Чтение онлайн

ЖАНРЫ

Стихи про меня
Шрифт:

Он все уже знал об Америке заранее. Во вся­ком случае — все, что ему было нужно. Отсюда — стереотипы, которыми оперирует не только Ма­яковский, но и тысячи российских людей, попа­дающих или так никогда и не попадающих в Америку. "Асфальт и стекло. Иду и звеню. / Леса и травинки — сбриты". Эти лихие строчки — из стереотипа "каменных джунглей" Нью-Йорка. Пятая авеню и Бродвей не каменнее Тверской и Садового кольца, а уникальный зеленый гигант в центре города — Центральный парк — в три раза больше московского Парка Горького.

В том месте, где к Сентрал-Парку выходит 72-я стрит — растительный мемориал Джону Леннону "Земляничные поляны". Леннон был убит здесь, возле "Дакоты", дома, в котором он жил. Когда на рассвете 9 декабря 80-го года я приехал сюда, у "Дакоты" уже стояли сотни людей, потом их стали тысячи. Жгли свечи, тихо играли на ги­тарах, потом парень в вязаной шапочке высту­пил вперед и поставил на асфальт маленький магнитофон. Раздались первые аккорды, и вся огромная толпа разом запела, громко и слажен­но, будто репетировала долгими неделями: "Close your eyes and I kiss you, tomorrow I miss you" — "За­крой глаза, я тебя поцелую, а завтра затоскую по тебе".

Центральный парк

очень хорош, но мой лю­бимый — в сотне кварталов к северу: парк Форт-Трайон в Верхнем Манхэттене, где находится средневековый монастырь. Это не оговорка и не путаница, сюда Рокфеллер привез из Испании и Франции фрагменты разрушенных монастырей, после реставрации составленные в единое целое, сейчас здесь филиал музея Метрополитен — "Cloisters". Здание вместе с гектарами земли Рок­феллер подарил городу.

Несколькими кварталами южнее я прожил все свои нью-йоркские годы, возле станции мет­ро 181 St., точно следуя завету Дюка Эллингтона "Таkе the A Train" — "Садись в поезд А". Тот маршрут, который идет вдоль Манхэттена — самого живого и интересного места на земле.

Знание разрушает стереотипы. Стереотипы же вовсе не сокращают знание, как может пока­заться, — они его сводят на нет, делают ненуж­ным, предлагая готовые образы и формулы, име­ющие тенденцию и свойство отрываться от реальности.

Память подсовывает сценку. Москва середи­ны 70-х, без пяти девять утра. У закрытых еще дверей гастронома в высотке на площади Восста­ния человек пятьдесят: старушки в поисках хоть какого-нибудь утреннего дефицита, похмельные мужчины — известно, что в отделе соков вчера был молдавский портвейн. На дверях — свежее объявление от руки: "В продаже имеется беттерфиш". Никто не знает, что такое беттерфиш, тол­па строит догадки. На минуту очнувшийся мо­лодой алкаш говорит: "Это, бабушки, рыба такая, наверно, американская, в переводе означает "лучшая рыба". Подавленные новостью, все мол­чат, потом одна женщина произносит: "Они там в Америке с утра водки напьются, любое говно сожрут".

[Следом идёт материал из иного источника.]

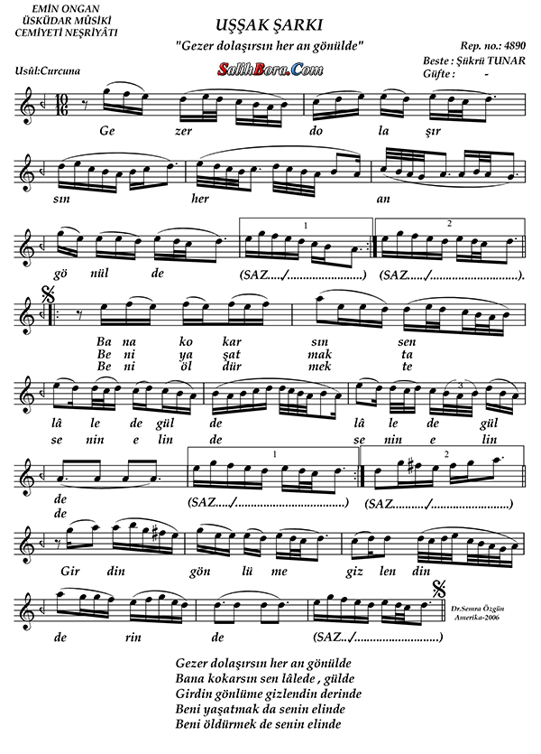 Bestesi Şükrü Tunar'a âit olan, uşşak makâmı, curcuna usûlündeki şarkının; bütün bilgileri, sözleri, notaları ve video yorumları.

Десяток диссертаций можно сочинить, анали­зируя эту загадочную фразу, взращенную в су­меречных закромах российского сознания. Осно­ванная на незнании боязнь Запада — с XVII века, когда начинает проникать в том или ином виде непонятная и враждебная иноземщина. Лжедимитрия погубила вилка: когда он сел на Москве, с ним уже почти примирилось боярство, но Гриш­ка Отрепьев нахватался за границей новомодных застольных манер и, вместо общепринятой лож­ки, брал еду вилкой — этого уж не простили. Пат­риарх Никон жег иконы "нового письма", ев­ропейского. С петровских времен — разгул иностранцев. Нанятые за границей или приехав­шие сами, они учат воевать, строить, торговать. Их подозревают и боятся, от них ждут подвоха. Их слушаются, но не любят. От них — наруше­ние привычного порядка и обычая. Бритье бо­род на западный манер — едва ли не главное пре­ступление Петра в глазах народа и Церкви. В России начала XXI столетия больше половины россиян считают себя европейцами. При этом две трети полагают, что западная культура ока­зывает негативное воздействие на жизнь в России. Очевидное противоречие не смущает. Польза приходит с Запада, но польза не есть добро.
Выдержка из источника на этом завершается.